(REQUIRED WORK): All pictures must be left out as you transcribe the lines from the first line of the data to the line containing "New Ice Silk", both included.

(GIVEN MATERIAL):
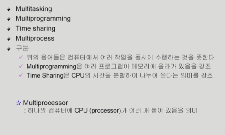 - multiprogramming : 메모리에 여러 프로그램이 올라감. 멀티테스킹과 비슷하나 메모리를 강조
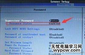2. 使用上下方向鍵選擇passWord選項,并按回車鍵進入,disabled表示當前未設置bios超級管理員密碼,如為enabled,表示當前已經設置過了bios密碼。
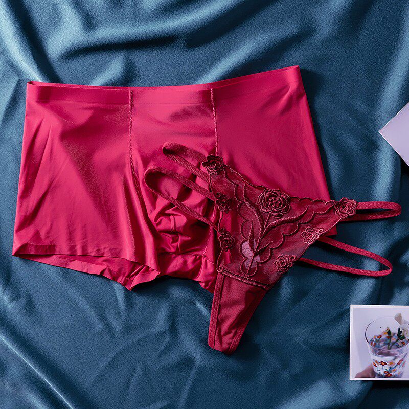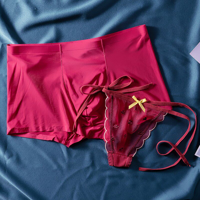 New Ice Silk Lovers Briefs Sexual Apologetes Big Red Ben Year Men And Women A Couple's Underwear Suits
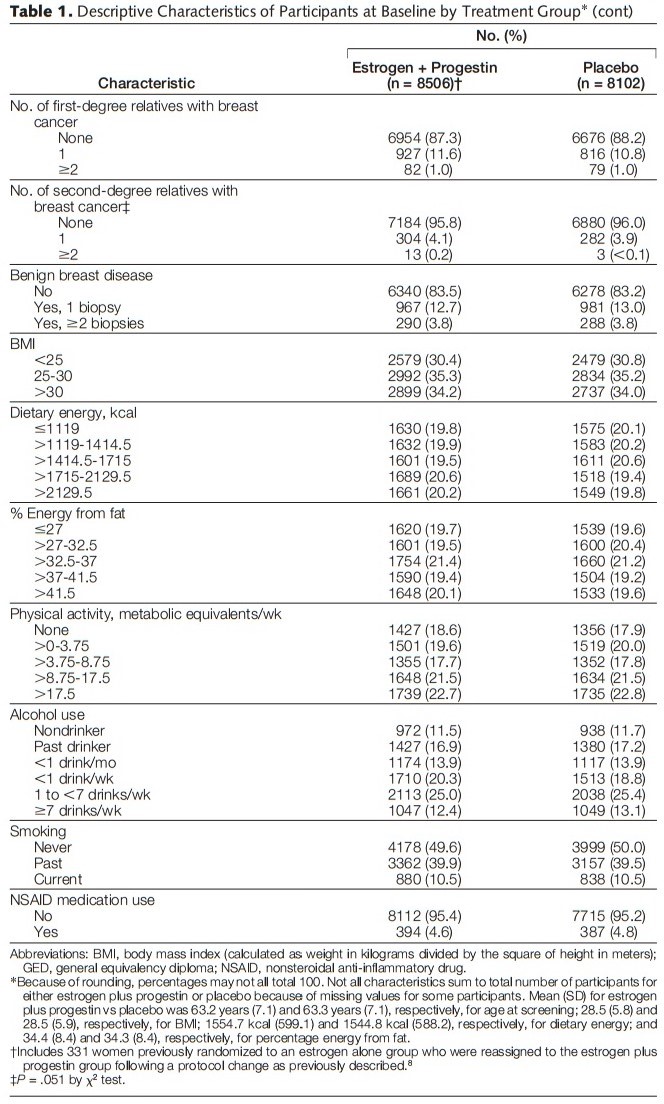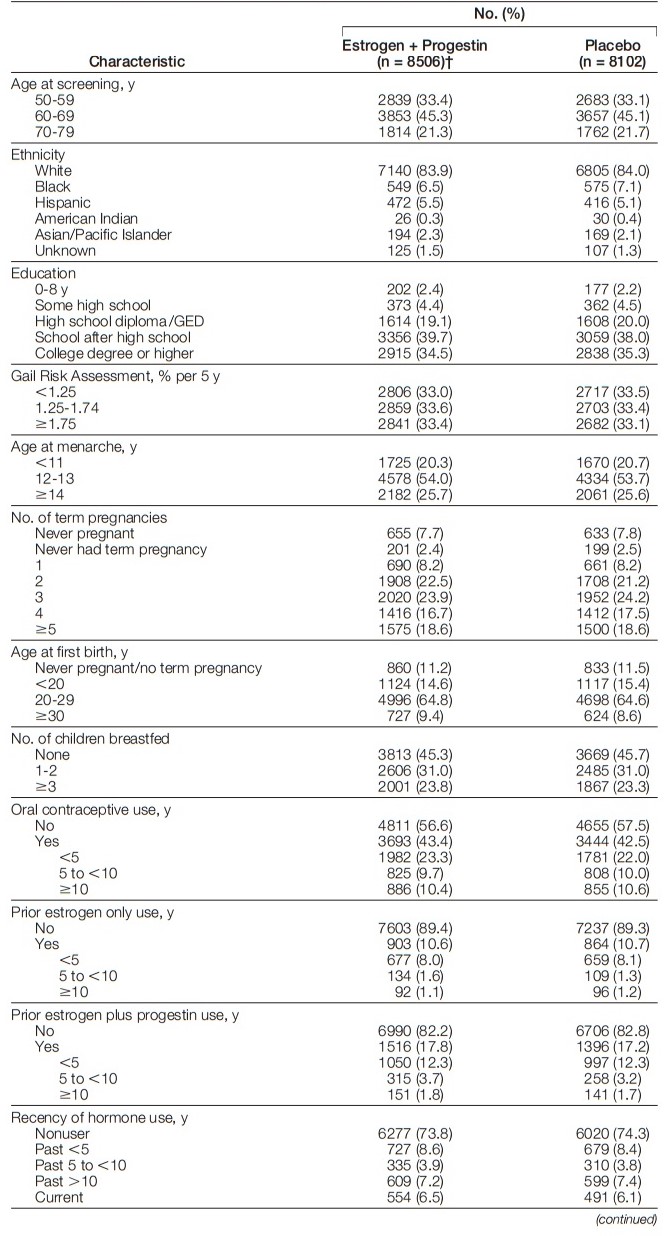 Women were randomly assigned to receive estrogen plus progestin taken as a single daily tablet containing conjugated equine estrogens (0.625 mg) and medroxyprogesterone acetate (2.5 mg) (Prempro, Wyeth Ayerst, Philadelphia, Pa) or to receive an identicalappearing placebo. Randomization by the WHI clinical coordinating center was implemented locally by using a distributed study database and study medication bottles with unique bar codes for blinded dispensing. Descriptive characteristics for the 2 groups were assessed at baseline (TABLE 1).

(FINISHED TASK):
 - multiprogramming : 메모리에 여러 프로그램이 올라감. 멀티테스킹과 비슷하나 메모리를 강조
2. 使用上下方向鍵選擇passWord選項,并按回車鍵進入,disabled表示當前未設置bios超級管理員密碼,如為enabled,表示當前已經設置過了bios密碼。
 New Ice Silk Lovers Briefs Sexual Apologetes Big Red Ben Year Men And Women A Couple's Underwear Suits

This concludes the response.